Your general point stands, but actually tarantulas are cold blooooooded... what else can I say, baby?
 

SCTarantula

Arachnopeon
Joined
Oct 1, 2012
Messages
20
Hey guys thanks for your feedback and opinions. I just wanted to follow up with you guys. The T got here yesterday and I intermediately got her in the enclosure. More on that in a minute.

I did make some to tweaks to the enclosure. I lost the lamp. I also moved the heating pad from the bottom of one of the sides to the back top where the Stirmi really can't get close to over heat. I checked and put a thermostat directly in front of the heating pad and it was in the low 90's. For those of you who are wondering why I am keeping the pad it is because I really can't control the temperature in the room the enclosure is in. I am a school teacher and my room stays pretty chilly. Around 70-74. With the pad it brings the enclosure up to the low 80's. I am keeping the humidity up between 85 and 100%.

I also am trying something out. With my plant on the right side I am keeping it in the small container it came in and put coco fiber all around it. Hopefully it will make it.

Back to the T. It turned out to be 8 inches and she is mean as crap! I got the tongs and pulled on the paper napkins to encourage her out into the enclosure and she bite the paper towels for like a minute! Then she raised up into a threat posture and slapped the paper towels. I tried to measure her threat posture since she left it up for a while. Her posture was about 4 inches and her fangs looked to be around half of an inch. I left her alone and this morning I threw in a large dubia and she took it down quick with ease! Good sign!

Anyway just wanted to give everyone an update...

And yes the enclosure is locked and my high schoolers know to look and not tap or touch! Half of them won't get near my tarantulas. I have added 1 kid to the hobby since I put them in my room! pretty cool!

Here is a pic of her in the enclosure.

As a point of reference the pebbles are 1.5 to 2 inches a piece!

T. Stirmi.JPG
 
Last edited:

sw18x

Arachnopeon
Joined
Oct 4, 2013
Messages
8
I'm in the same boat as a school teacher with a cold room I can't control - more like the 60s in the winter though!

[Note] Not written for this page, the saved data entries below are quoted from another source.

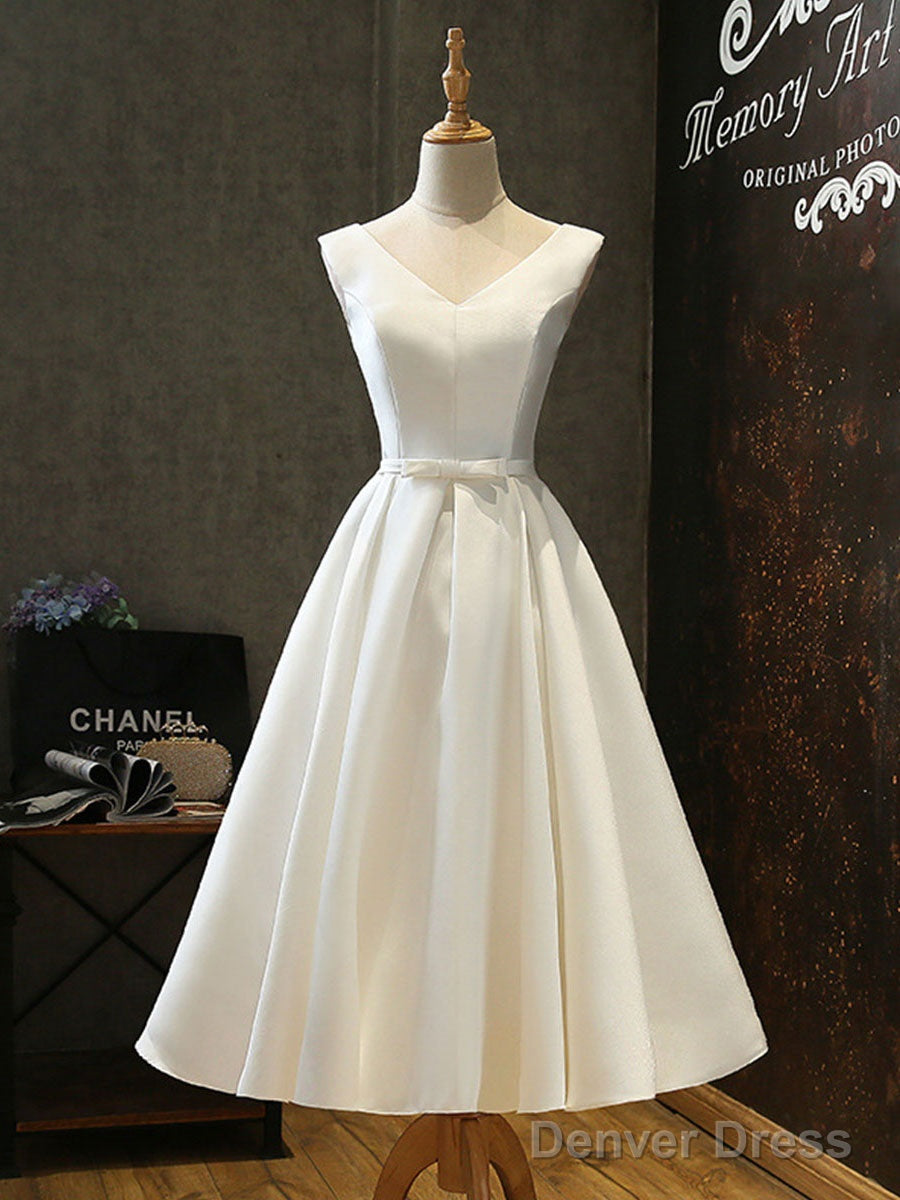 White Round Neck Satin Short Prom Dress White Homecoming Dress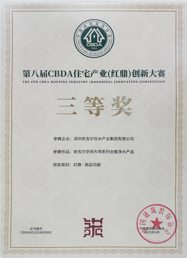 近日,由中国建筑装饰协会主办的第八届CBDA住宅产业(红鼎)创新大赛正式揭晓获奖名单。安吉尔集团旗下空间大师系列全屋净水产品凭借创新工业设计与卓越功能价值,从众多参赛产品中脱颖而出,荣膺部品功能类别“创新大赛三等奖”奖项。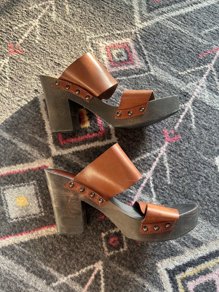 Tahta topuklu deri terlik. Bant kısmı deri ve yıpranmamıştır. İç kısmında ufak bir soyulma olmuş o kısım deri değil çünkü. Asla kullanıma engel değildir çünkü tabanda, içte kalıyor.Tahta olmasından dolayı ve bant kısımları deri olduğundan aşırı rahattır. Dışarda sadece 1 kez giyilmiştir. Sorunsuzdur. Markası LCW ve deridir.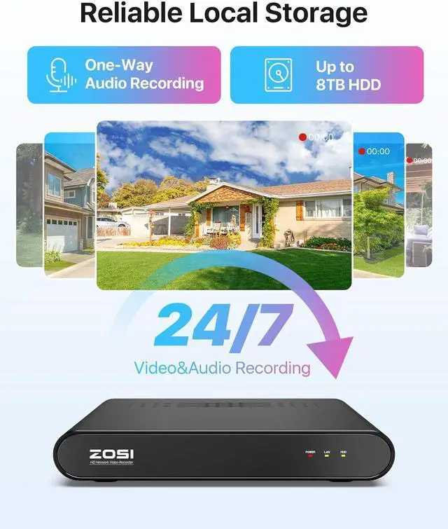 (4). [ Flexible Remote Access & One-Way Audio ]__Effortlessly access and control your cameras via the ZOSI Smart App on your smartphones or the AVSS Client on tablets/PC, all without additional fees. Add ZOSI cameras for Live View and capture critical evidence with the built-in microphone for high-fidelity audio.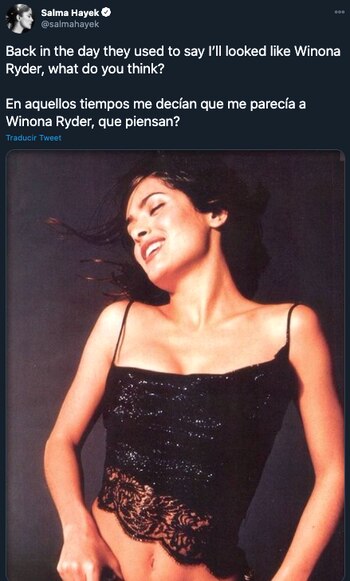 La actriz Salma Hayek dio de qué hablar a sus seguidores, con quienes suele tener una intensa interacción y les cuenta detalles de su vida profesional, ahora contó que cuando era más joven le decían que se parecía a Winona Ryder.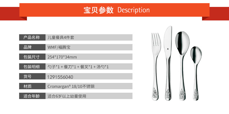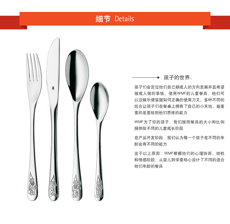 商品名称:德国直邮 德国WMF Zwerge福腾宝儿童西餐餐具套装 1291556040 商品编号:YGO000754 品牌:WMF福腾宝 上架时间:2015-07-10 商品毛重:260克 如果您发现商品信息不准确,欢迎纠错;如果您发现有比我们价格更低的,欢迎举报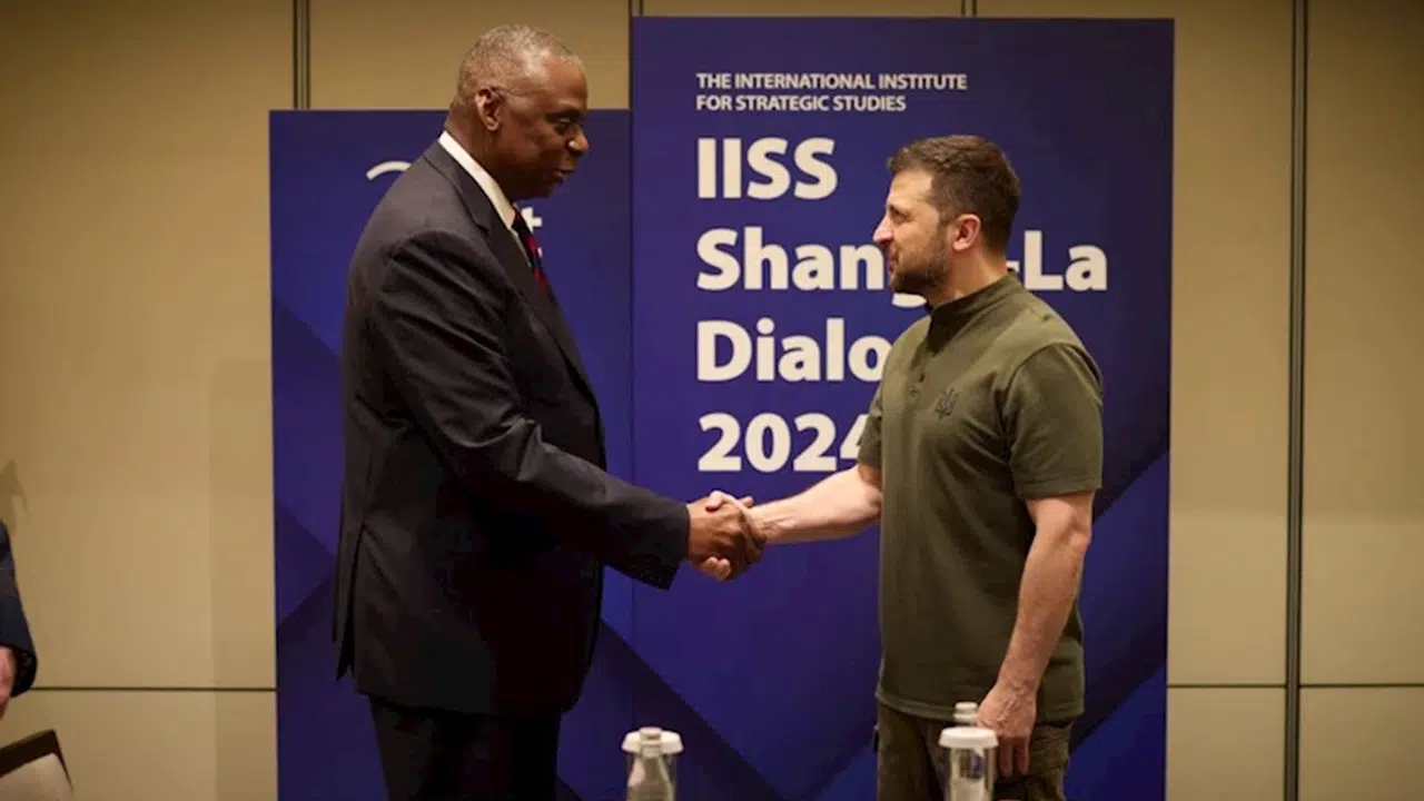 Vahdet AYAZ, (DHA)- Ukrayna Devlet Başkanı Volodimir Zelenski, ABD Savunma Bakanı Lloyd Austin ile Singapur’da düzenlenen Shangri-La Diyalog Zirvesi marjında bir araya geldi. Austin, ABD’nin Ukrayna’ya askeri desteğinin süreceğini belirtti. Zelenski ise şu ana kadarki destekler konusunda teşekkür etti.

So I know all the criticisms of a heating pad, but what about a bottom pad for an arboreal species? They wouldn't be burrowing so it would be very unlikely to come in contact with the pad, and the heat would rise straight up to warm the air in the enclosure. What's your opinion?

Nice looking enclosure!
 

BioTeach

Arachnopeon
Joined
Jul 14, 2010
Messages
33
I wouldn't bother with supplemental heating unless the room was below sixty. I've had no problems with keeping mine at school where the temperature can drop into the low to mid sixties during winter and not get above the low seventies until late spring. They still eat, molt, and move about.